Si une clé a été exposée dans un dépôt, un prompt, un journal ou un artefact, elle doit être renouvelée : la supprimer du fichier ne suffit pas. Utilisez des gestionnaires de secrets ou des variables d’environnement gérées, séparez dev/staging/prod et attribuez des portées minimales. Attention au frontend : une clé privée ne doit pas finir dans le bundle, dans une page, dans une réponse JSON ou dans un journal côté client.
La vérification doit inclure le build final et les artefacts, pas seulement les sources.

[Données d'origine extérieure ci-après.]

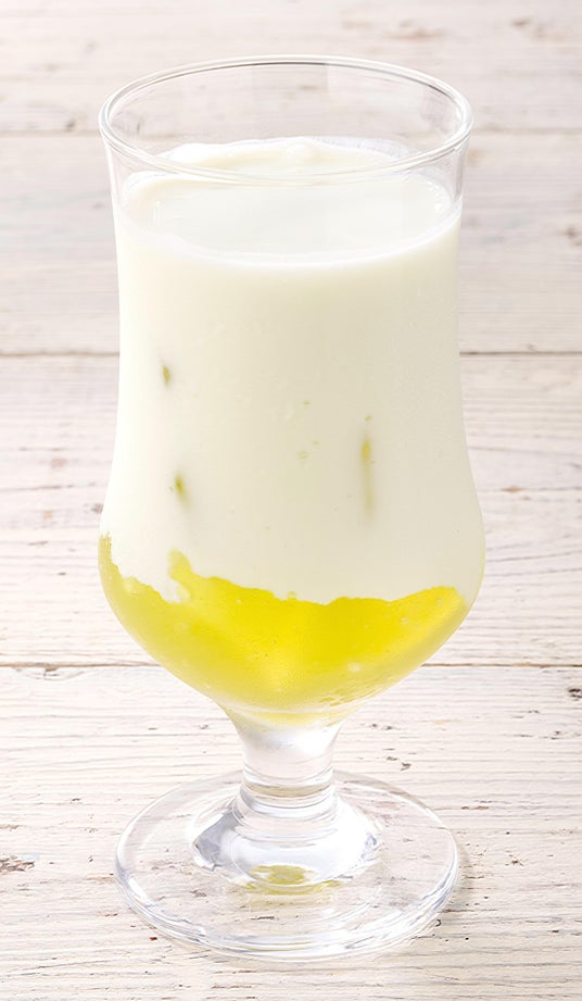 シャインマスカットジュレににマスカットシロップ、ヨーグルトを合わせました。濃厚な味わいでデザートドリンクとしてお楽しみいただけます。

Cherchez des clés dans le bundle minifié, dans les cartes sources (source maps), dans les journaux du pipeline, dans les conteneurs, dans les fichiers de configuration exportés et dans les exemples laissés dans le dépôt. Si un assistant IA a suggéré de coller une clé pour “tester rapidement”, traitez-la comme potentiellement compromise tant qu’elle n’a pas été renouvelée.
Données personnelles, données d’entreprise et environnements
Avant la mise en ligne, vous devez savoir quelles données vous traitez, où elles finissent et qui peut les lire. Les données personnelles, documents clients, journaux d’application, charges utiles de webhook, tickets, captures d’écran, exports et sauvegardes doivent avoir un emplacement clair.
Les démos générées par IA utilisent souvent des données réelles trop tôt. Séparer le développement, le staging et la production réduit le risque : utilisez des données synthétiques lorsque c’est possible, évitez les dumps réels dans les dépôts et vérifiez la rétention des journaux. Si l’application traite des données personnelles, vérifiez la base juridique, l’information, la minimisation, l’accès, la suppression, la conservation et les fournisseurs impliqués. Cela ne remplace pas une évaluation de la vie privée, mais évite de publier sans savoir où passent les données.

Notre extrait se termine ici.